PROVIDED MATERIAL
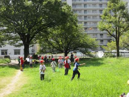 まだまだ暑い中でしたが、虫かごや虫取りあみをもって、みんな一生懸命に生き物を探しました。
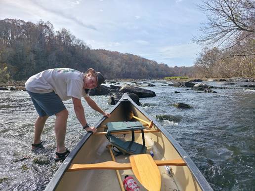 My older son John was staying in Durham in November so I thought it might be fun to try this same stretch 5 years later. There has been very little rainfall this fall in NC but in many spots in the Deep River the water level is “always at minimum”. The suggested water gauge for this trip is 30 miles upstream so we figured we would just drive over an eyeball the water level and take our chances.
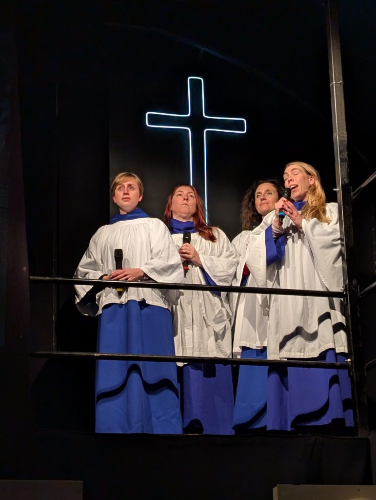 To either side of the screen on the mezzanine level is a neon-lit cross; on one occasion up there, Clay’s Geraldine tells one of her shaggy dog tales to Poskitt’s Alice Tinker, the ditzy church verger, but the lighting puts a distracting shadow slash across the vicar’s face from the barrier railing. Hopefully that can be eradicated.

DIRECTIONS
Please output exactly the lines of the data above, from its first line through the line with "My older son", and nothing else; drop the pictures.

SOLVED EXERCISE
 まだまだ暑い中でしたが、虫かごや虫取りあみをもって、みんな一生懸命に生き物を探しました。
 My older son John was staying in Durham in November so I thought it might be fun to try this same stretch 5 years later. There has been very little rainfall this fall in NC but in many spots in the Deep River the water level is “always at minimum”. The suggested water gauge for this trip is 30 miles upstream so we figured we would just drive over an eyeball the water level and take our chances.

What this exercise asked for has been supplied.